■ **REQUIRED ACTION**
In the data that follows, count the lines where "nature" appears, and write only the number.

Top of EXERCISE DATA

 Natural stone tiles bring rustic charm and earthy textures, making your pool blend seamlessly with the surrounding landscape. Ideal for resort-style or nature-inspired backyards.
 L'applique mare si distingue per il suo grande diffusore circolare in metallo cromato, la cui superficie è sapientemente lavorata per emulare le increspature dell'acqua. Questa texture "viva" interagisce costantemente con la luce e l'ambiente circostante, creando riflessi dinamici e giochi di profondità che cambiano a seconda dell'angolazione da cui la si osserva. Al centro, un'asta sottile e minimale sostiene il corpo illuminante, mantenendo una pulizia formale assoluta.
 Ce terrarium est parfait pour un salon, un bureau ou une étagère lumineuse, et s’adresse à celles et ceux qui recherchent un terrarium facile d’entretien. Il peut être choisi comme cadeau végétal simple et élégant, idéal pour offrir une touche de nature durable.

Bottom of EXERCISE DATA
Top of EXERCISE DATA

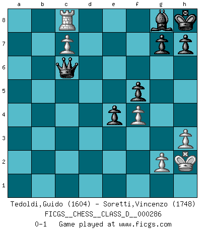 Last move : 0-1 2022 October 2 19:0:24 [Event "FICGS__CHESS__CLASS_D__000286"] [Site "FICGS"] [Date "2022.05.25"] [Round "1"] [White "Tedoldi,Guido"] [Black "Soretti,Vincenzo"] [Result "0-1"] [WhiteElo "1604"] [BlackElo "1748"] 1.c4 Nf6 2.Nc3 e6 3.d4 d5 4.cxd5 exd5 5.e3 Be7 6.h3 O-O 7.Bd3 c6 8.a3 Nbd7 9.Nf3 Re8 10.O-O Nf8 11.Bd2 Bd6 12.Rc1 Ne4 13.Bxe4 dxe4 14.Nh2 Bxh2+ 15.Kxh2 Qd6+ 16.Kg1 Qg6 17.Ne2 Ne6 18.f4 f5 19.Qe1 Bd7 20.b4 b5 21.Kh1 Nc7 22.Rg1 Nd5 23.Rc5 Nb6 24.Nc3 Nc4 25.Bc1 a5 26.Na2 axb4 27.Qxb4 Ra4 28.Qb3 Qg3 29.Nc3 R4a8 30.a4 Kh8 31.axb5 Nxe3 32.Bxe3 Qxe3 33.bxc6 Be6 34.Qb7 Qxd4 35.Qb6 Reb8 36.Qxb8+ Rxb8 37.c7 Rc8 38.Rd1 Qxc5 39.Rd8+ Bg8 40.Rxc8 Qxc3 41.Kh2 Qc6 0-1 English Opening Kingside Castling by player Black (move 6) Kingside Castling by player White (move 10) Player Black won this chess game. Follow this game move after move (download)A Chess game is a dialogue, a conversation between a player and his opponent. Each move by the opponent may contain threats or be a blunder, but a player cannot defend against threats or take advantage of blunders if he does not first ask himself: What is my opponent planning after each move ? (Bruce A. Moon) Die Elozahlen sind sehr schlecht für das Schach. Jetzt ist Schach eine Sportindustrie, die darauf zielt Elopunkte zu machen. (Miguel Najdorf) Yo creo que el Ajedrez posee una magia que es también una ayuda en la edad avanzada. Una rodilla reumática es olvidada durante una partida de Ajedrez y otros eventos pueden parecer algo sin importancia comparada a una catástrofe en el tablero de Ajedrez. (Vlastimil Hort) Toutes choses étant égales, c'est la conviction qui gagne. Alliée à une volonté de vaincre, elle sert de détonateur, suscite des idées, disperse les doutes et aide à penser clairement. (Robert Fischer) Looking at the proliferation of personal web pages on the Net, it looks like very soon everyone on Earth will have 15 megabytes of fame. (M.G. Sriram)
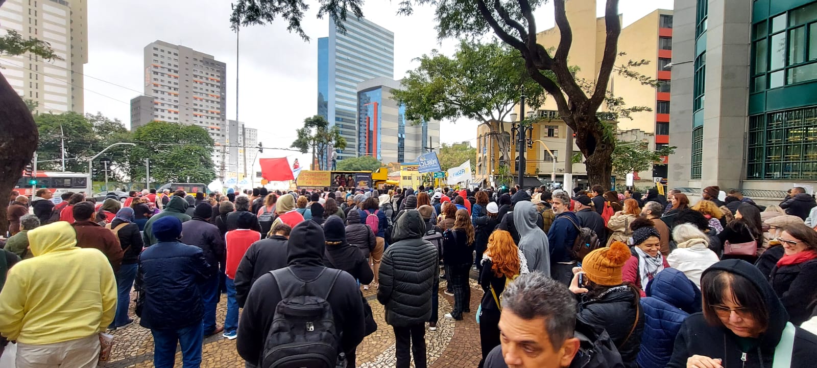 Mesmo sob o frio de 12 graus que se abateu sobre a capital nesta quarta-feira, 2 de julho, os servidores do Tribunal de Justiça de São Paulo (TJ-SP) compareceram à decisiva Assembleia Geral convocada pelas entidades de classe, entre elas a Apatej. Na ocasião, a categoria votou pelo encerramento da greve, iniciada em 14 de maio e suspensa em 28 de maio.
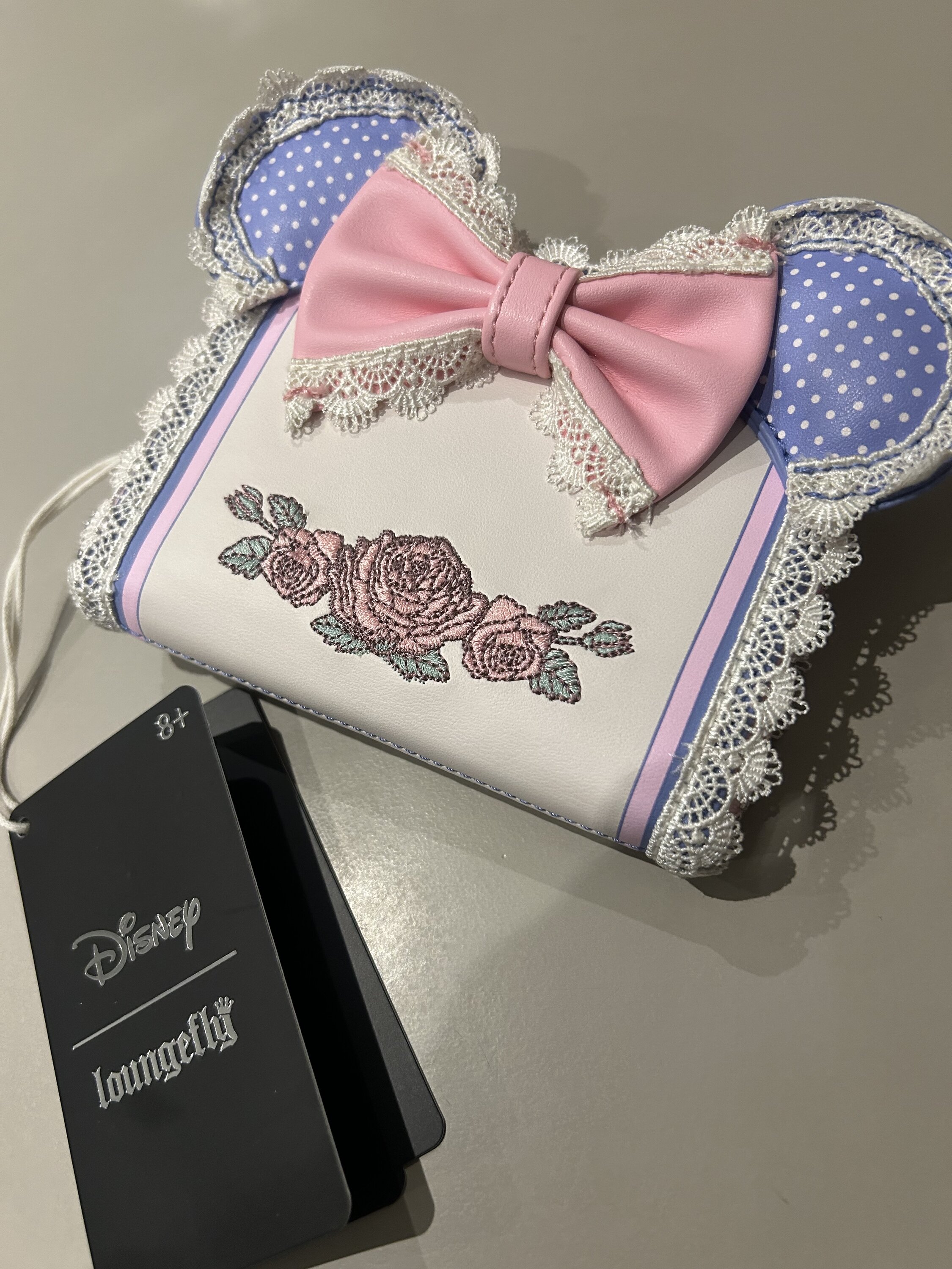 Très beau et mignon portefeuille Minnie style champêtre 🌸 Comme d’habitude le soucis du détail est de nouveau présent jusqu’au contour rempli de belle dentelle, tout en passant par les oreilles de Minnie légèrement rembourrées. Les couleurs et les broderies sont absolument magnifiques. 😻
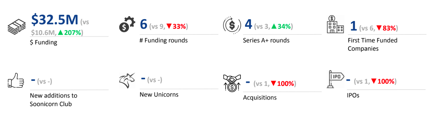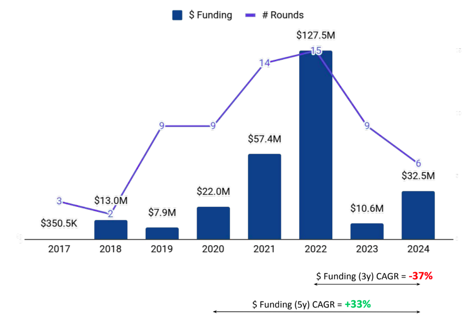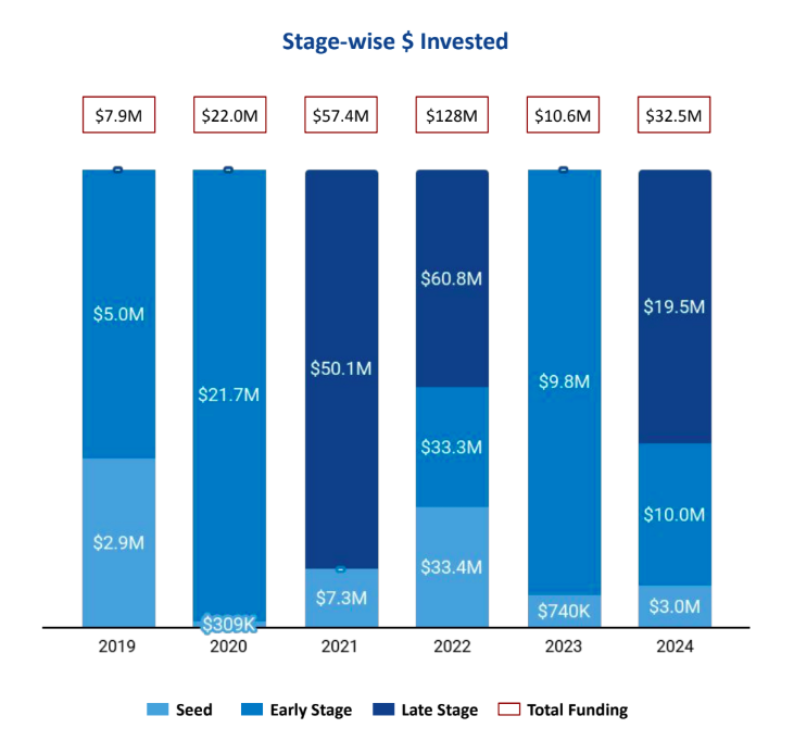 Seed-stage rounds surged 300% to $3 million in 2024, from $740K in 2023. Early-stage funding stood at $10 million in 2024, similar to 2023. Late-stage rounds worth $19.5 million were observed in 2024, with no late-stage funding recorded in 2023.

Bottom of EXERCISE DATA
Top of EXERCISE DATA

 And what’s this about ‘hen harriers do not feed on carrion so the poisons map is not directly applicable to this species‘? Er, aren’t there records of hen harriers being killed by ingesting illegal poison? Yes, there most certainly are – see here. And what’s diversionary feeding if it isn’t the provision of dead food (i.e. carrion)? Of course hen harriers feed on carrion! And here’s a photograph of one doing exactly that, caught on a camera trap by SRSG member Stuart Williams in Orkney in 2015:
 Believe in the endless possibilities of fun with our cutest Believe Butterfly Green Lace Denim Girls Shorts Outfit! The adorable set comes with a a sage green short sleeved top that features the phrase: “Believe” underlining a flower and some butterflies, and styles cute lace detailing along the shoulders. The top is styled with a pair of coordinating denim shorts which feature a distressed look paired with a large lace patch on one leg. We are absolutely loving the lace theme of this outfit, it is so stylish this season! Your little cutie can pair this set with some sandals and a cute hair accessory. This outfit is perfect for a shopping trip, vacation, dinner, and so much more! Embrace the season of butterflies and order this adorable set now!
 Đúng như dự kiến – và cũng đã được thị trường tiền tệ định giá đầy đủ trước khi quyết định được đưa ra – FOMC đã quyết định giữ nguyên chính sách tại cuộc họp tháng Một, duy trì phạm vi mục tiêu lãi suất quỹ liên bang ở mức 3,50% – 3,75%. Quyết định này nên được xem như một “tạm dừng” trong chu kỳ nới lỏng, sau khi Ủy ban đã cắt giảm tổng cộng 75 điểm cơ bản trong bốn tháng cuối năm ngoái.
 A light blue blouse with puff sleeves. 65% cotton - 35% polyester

Bottom of EXERCISE DATA

■ **SOLUTION TO THIS EXERCISE**
2